Some hash code text file compression factors, courtesy of gzip:

gail&#58;tmp sje$ gzip -v Hash*
HashCodesJesus&#58;	 41.2% -- replaced with HashCodesJesus.gz
HashCodesMartin&#58;	 41.1% -- replaced with HashCodesMartin.gz
HashCodesOscar&#58;	 41.7% -- replaced with HashCodesOscar.gz
HashCodesUrandom&#58;	 41.2% -- replaced with HashCodesUrandom.gz

No significant differences.

I suppose I could add a ninth or tenth prime to Oscar's PRNG which would reduce the resulting compression factor slightly. But this would only slow the initialization and would not improve the table utilization coefficient.

So far, the moral of the story is:

For Zobrist key generation, don't use a PRNG which is fat, slow, complex, non-portable, or has external dependencies. Instead, use a slim, fast, simple, portable, and wholly internal PRNG which has been thoroughly tested and has proven empirical performance.

bob · Post by **bob** » Sun Sep 07, 2014 5:12 am

sje wrote:With hash codes from /dev/urandom:

Code: Select all

hexdump -v -e ""%08x%08x%08x%08x\n"" /dev/urandom | head -824 >HashCodesUrandom

https://dl.dropboxusercontent.com/u/316 ... desUrandom

Code: Select all

gail&#58;tmp sje$ ./operft "r4rk1/1pp1qppp/p1np1n2/2b1p1B1/2B1P1b1/P1NP1N2/1PP1QPPP/R4RK1 w - - 0 10" 1
Utilization&#58; 0.000000
46   0.00 MHz
gail&#58;tmp sje$ ./operft "r4rk1/1pp1qppp/p1np1n2/2b1p1B1/2B1P1b1/P1NP1N2/1PP1QPPP/R4RK1 w - - 0 10" 2
Utilization&#58; 0.000000
2079   0.00 MHz
gail&#58;tmp sje$ ./operft "r4rk1/1pp1qppp/p1np1n2/2b1p1B1/2B1P1b1/P1NP1N2/1PP1QPPP/R4RK1 w - - 0 10" 3
Utilization&#58; 0.000003
89890   0.15 MHz
gail&#58;tmp sje$ ./operft "r4rk1/1pp1qppp/p1np1n2/2b1p1B1/2B1P1b1/P1NP1N2/1PP1QPPP/R4RK1 w - - 0 10" 4
Utilization&#58; 0.000127
3894594   5.39 MHz
gail&#58;tmp sje$ ./operft "r4rk1/1pp1qppp/p1np1n2/2b1p1B1/2B1P1b1/P1NP1N2/1PP1QPPP/R4RK1 w - - 0 10" 5
Utilization&#58; 0.003070
164075551   56.34 MHz
gail&#58;tmp sje$ ./operft "r4rk1/1pp1qppp/p1np1n2/2b1p1B1/2B1P1b1/P1NP1N2/1PP1QPPP/R4RK1 w - - 0 10" 6
Utilization&#58; 0.072268
6923051137   128.73 MHz
gail&#58;tmp sje$ ./operft "r4rk1/1pp1qppp/p1np1n2/2b1p1B1/2B1P1b1/P1NP1N2/1PP1QPPP/R4RK1 w - - 0 10" 7
Utilization&#58; 0.804249
287188994746   278.74 MHz

No significant differences in utilization coefficients.

This is sort of old news, actually.

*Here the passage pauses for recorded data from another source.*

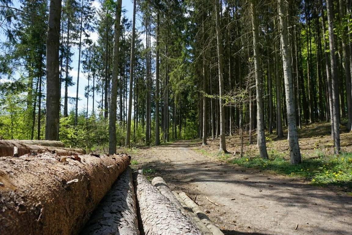 Von dem Balkon aus können Sie die Aussicht in den Wald und die Landschaft vom Hessischen Bergland genießen.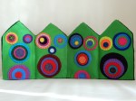 I like the tactile feel of felt, buttons, beads and thread. I like the bright colours. I like the activity of cutting and stitching. Some of these pieces were made on trips – on trains, planes, and in hotels. They are conversations that run through my head when I am staring out a window, conversations I wished I’d had, conversations I have overheard, conversations I have revised in the recollection of them. Here they are in coloured shapes, buttons, beads, and thread stitches.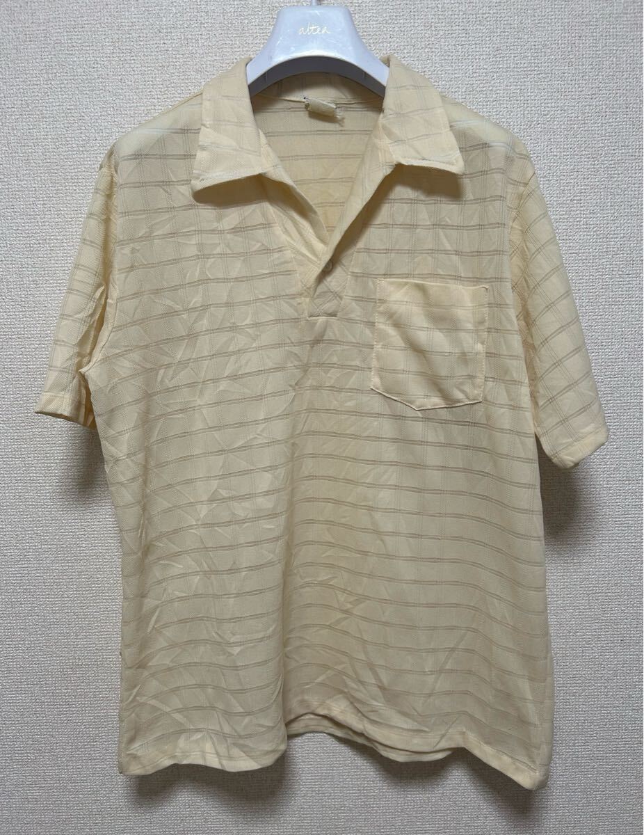 > 70's オープンカラーシャツ 半袖シャツ プルオーバー シャツ シアーシャツ XL USA Vintage ヴィンテージ ポリシャツ ベージュ系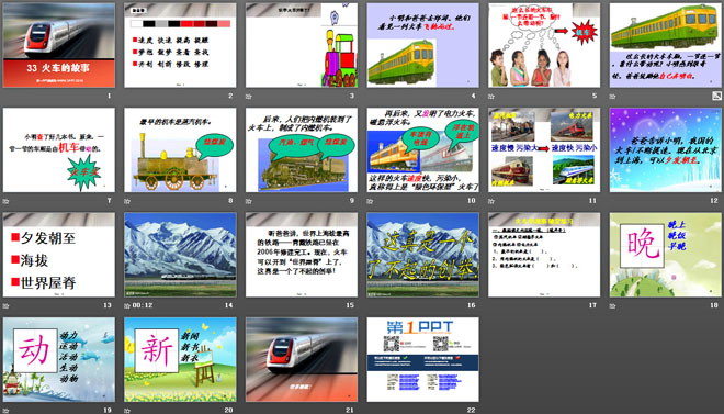 关键词:火车的故事教学课件,鲁教版一年级下册语文PPT课件下载,一年级语文幻灯片课件下载,火车的故事PPT课件下载,.PPT格式;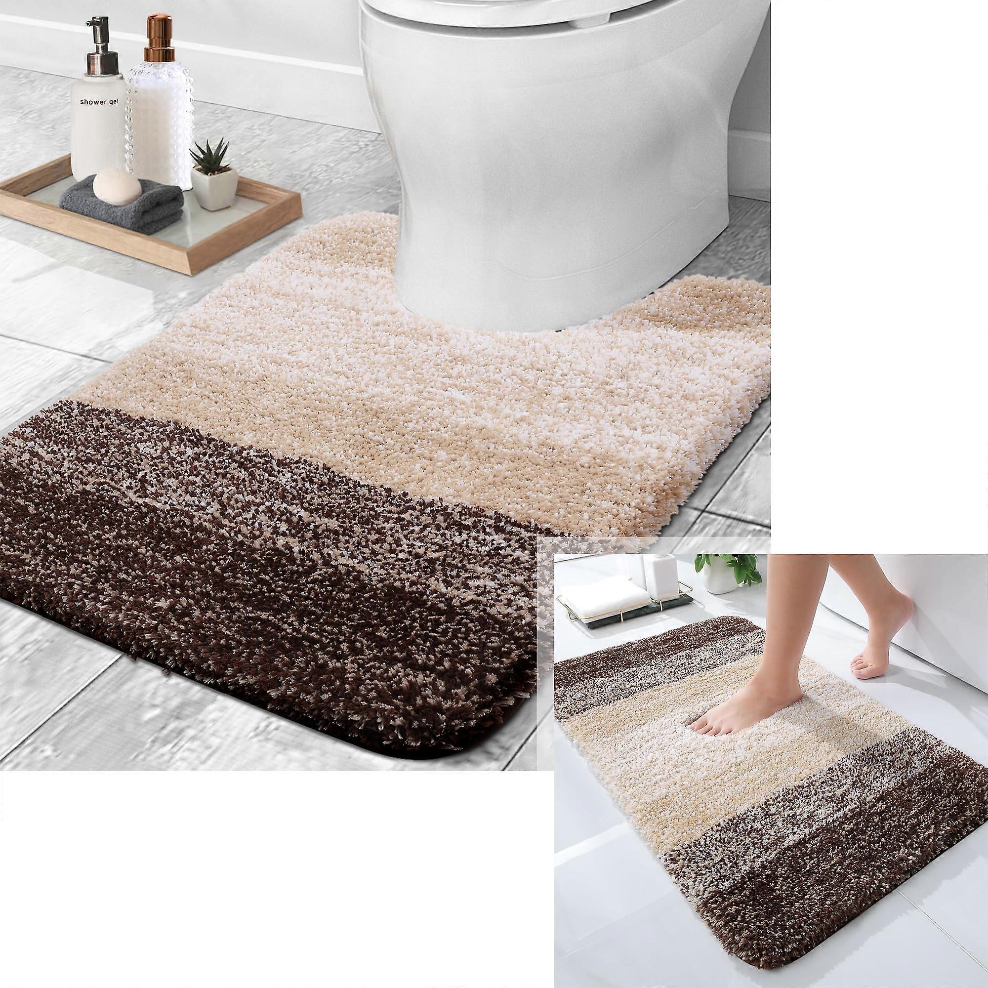 2 Item Bundle Ombre Bath Rug and Toilet Rugs for Bathroom Decor Size 24x16 and 24x20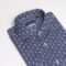 Camicia Made in Italy, resa particolare dalla fantasia geometrica nel colore blu e azzurro su base bianca, collo alla francese con polsini con angoli squadrati e due bottoni.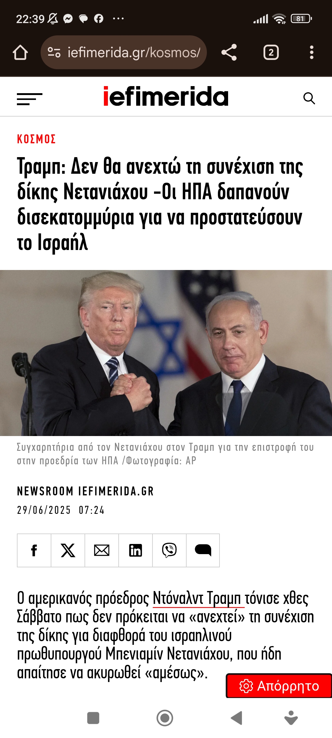 Eυρώπη / Διεθνή Έγκλημα και τιμωρίαΑσυλίες πλουσιοπάροχα δίνονται εν Ελλάδι. Η Ισραηλινή δικαιοσύνη αρνήθηκε, όμως ο Πλανητάρχης την απαίτησε… την πήρε Πέτρος Ιωάννου10 μήνες ago10 μήνες ago01 mins 29/6/2025 https://www.iefimerida.gr/kosmos/tramp-den-tha-anehto-ti-synehisi-tis-dikis-toy-prothypoyrgoy-toy-israil-netaniahoy Πλοήγηση άρθρων Previous: Σκίτσο του Στάθη για το,,militaire.grNext: Μια Παπανδρέου απ’ την Άρτα που τρέμουν υπουργοί κι όχι μόνον Αφήστε μια απάντηση Ακύρωση απάντησηςΗ ηλ. διεύθυνση σας δεν δημοσιεύεται. Τα υποχρεωτικά πεδία σημειώνονται με *Σχόλιο * Όνομα * Email * Ιστότοπος Αποθήκευσε το όνομά μου, email, και τον ιστότοπο μου σε αυτόν τον πλοηγό για την επόμενη φορά που θα σχολιάσω.

There are no "good" random number collections when used for hashing. But there are definitely "bad" collections. Several of us tried all sorts of approaches a few years ago. Zero improvement. You can even try some crypto-type stuff such as trying to limit the minimum hamming distance between two numbers, or minimize the sums of squares of said hamming distance, or whatever. Making sure each number has an equal number of 0's and 1's. Or trying to do the same for reasonable pairs of numbers (i.e. for knights, making sure that the from/to randoms are significantly different to affect the signature significantly. And on and on. There are lots of choices. And none of 'em helped a bit. But if you get sloppy and have numbers with too small a hamming distance, or triplets at bad locations so that a from/to number "undo" each other, we could not find any particular "advice" for producing good numbers, just so they are all reasonably random, reasonably uniform in the distribution, and none with the obvious issues of 0 or 1 bit set, etc.

I don't think you will find anything that is better than what you are using, but you certainly might find something worse.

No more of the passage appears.